Ya ves, Elbiamor, cómo el arte, puesto al servicio de una actividad que lo supera en jerarquía, continúa siendo libre, tenga o no conciencia de tan alta servidumbre. Pierde su libertad, en cambio, si presta servicio a planos de actividad inferiores al suyo (como lo son el de lo político, lo social y lo económico); porque tales actividades, tan necesarias en su “género”, le impondrán al arte una razón suficiente que no es la suya propia, con lo cual el arte dejará de serlo para descender a la “bajeza” de lo que sirve. Y sucederá entonces que si el arte defiende a la belleza como a su razón única, se le responderá que la belleza es un “prejuicio burgués”. No es mucho, pues, que la Torre de Marfil y sus torreros, asediados hoy con tanta insistencia, se resistan a esa invasión de jurisdicciones, y que, antes de ceder, prefieran la soledad del águila o el hermetismo de la catacumba. Bien saben los torreros que la verdad es inmutable y obra por sí misma, eternamente, aunque tenga sus “estaciones de ocultamiento” cuando les son desfavorables las condiciones externas del mundo.
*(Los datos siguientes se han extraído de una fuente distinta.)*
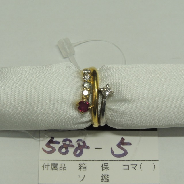 リング ルビー ダイヤ K18/Pt900 5.00g 石目:R0.26 FD0.36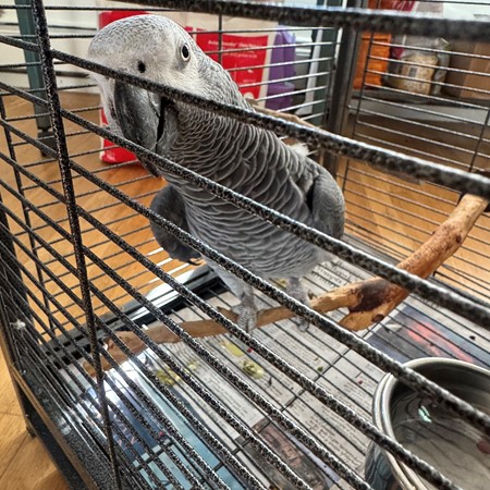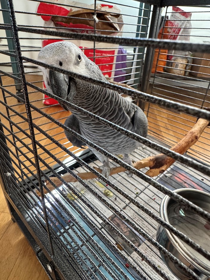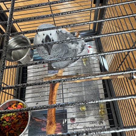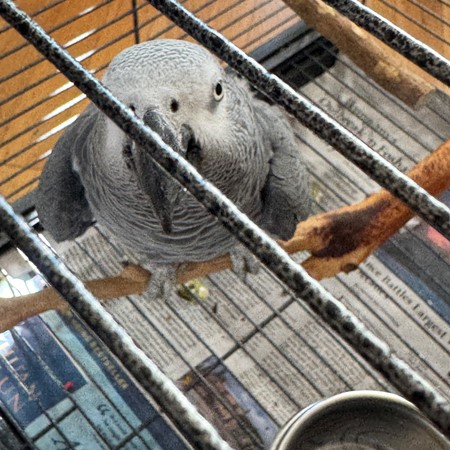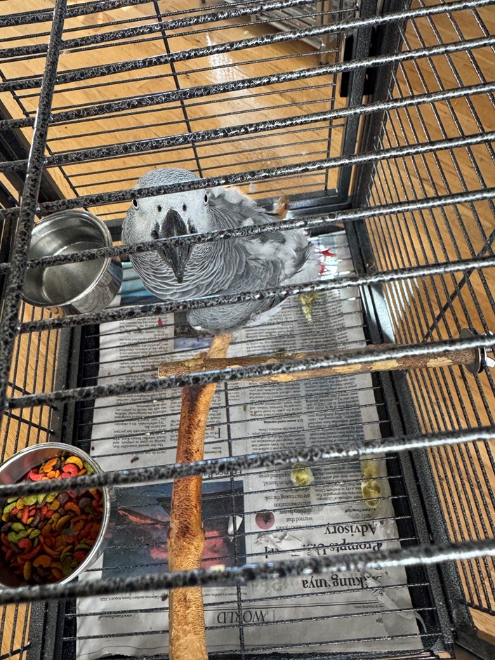 Male African Grey Congo. He is not tame and will probably do best in a breeding situation or with someone who will be comfortable with not handling him. He can possibly be tamed, but it will take significant effort and time since he’s still a pet bird and will let you give him head scratches. He was not previously a breeder. He plucks his feathers a little but overall in good health. He is around 18 - 20 years old.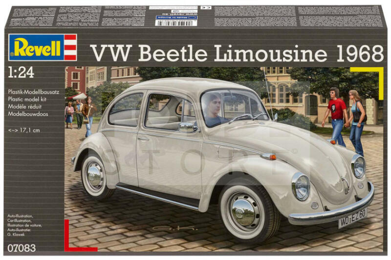 Revell VW Beetle Limousine 1968 1:24 autó makett 07083R Makett méretarány: 1:24 Alkatrész darabszám: 125 Makett hossúság: 17,1 cm Festést és ragasztást igénylő műanyag makett. A szükséges kiegészítőket, mint festék, ragasztó a készlet nem tartalmazza . Gyártó: Revell A Revell tradicionális nagy múltú makett gyártó. Már több mint 60 éve kápráztatja el a rajongóit t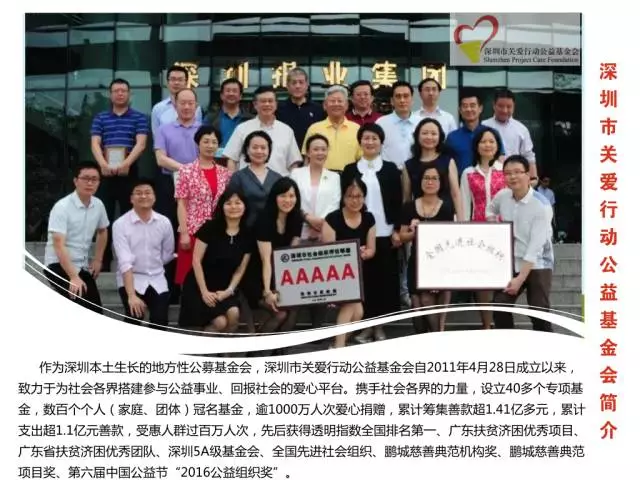 他說(shuō),深圳是一座因?yàn)閺V泛開展關(guān)愛活動(dòng)而更加令人矚目、受人尊敬的愛心之城,而深圳市關(guān)愛行動(dòng)公益基金會(huì)就是為了推動(dòng)關(guān)愛行動(dòng)而誕生的。多年來(lái),關(guān)愛基金會(huì)凝聚了數(shù)千萬(wàn)人次愛心捐贈(zèng),推出和資助的關(guān)愛項(xiàng)目數(shù)千個(gè),累計(jì)籌集善款逾2億元,公益支出超1.65億元,受惠人群數(shù)百萬(wàn)人次。因此也榮獲深圳市首家5A級(jí)基金會(huì)、全國(guó)先進(jìn)社會(huì)組織等系列榮譽(yù)??梢哉f(shuō),深圳市關(guān)愛行動(dòng)公益基金會(huì)為深圳這座文明和諧的關(guān)愛之城做出了重大貢獻(xiàn)。而這愛心成果的背后,是在座各位及社會(huì)各界愛心人士的共同努力、共同愛心奉獻(xiàn)的結(jié)果!“關(guān)愛路長(zhǎng),善者致遠(yuǎn),今年是新中國(guó)成立70周年,是脫貧攻堅(jiān)、決勝全面建成小康社會(huì)的關(guān)鍵之年。深圳作為改革開放的受益者,在新的歷史起點(diǎn)上,我們應(yīng)繼續(xù)秉承深圳“關(guān)愛、感恩、回報(bào)”的精神,奮力擔(dān)當(dāng)新的偉大歷史使命,為建設(shè)更加繁榮美好的祖國(guó)和幸福家園繼續(xù)努力!”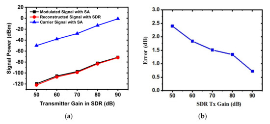 (a) Results from power measurements with a spectrum analyzer (SA) and the SDR (set to 61 dB receiver gain); (b) measured error vs. SDR Tx gain.

Elbiamor, establecido el orden jerárquico en verdad “armonioso” que preside las actividades humanas, te mostraré que tal ordenamiento, además de “armonioso”, es “armonizante”, y que su destrucción produciría el caos, fatalmente. Las antinomias y oposiciones que desunen a los individuos en un plano de actividad humana son a menudo irreconciliables dentro del mismo plano en que se dan; y lo serían definitivamente si no existiera un plano superior en que lograran reconciliarse “por altura”. Yo te diría, Elbiamor, que uno de tales planos es el del arte, con respecto a cualquier actividad que le sea inferior en jerarquía. Te daré un ejemplo cuya simplicidad enternecería el corazón naturalmente sensible de las tías de Córdoba: ¿qué ideólogos político-sociales, divididos a muerte, no se reconciliarían, fuera de su litigante asignatura, en una sonata de Beethoven, en un cuadro de Hieronimus Bosch o en un drama de Shakespeare? Elbiamor, el arte se parece mucho a un Paraíso donde los hombres logran unirse “por arriba” si están divididos “por abajo”. Y te juro por el bonete de Pitágoras que si los hombres, en su locura niveladora, llegasen a destruir tan saludable jerarquía, destruirán también ese Paraíso de la unificación posible, y se irán todos al infierno.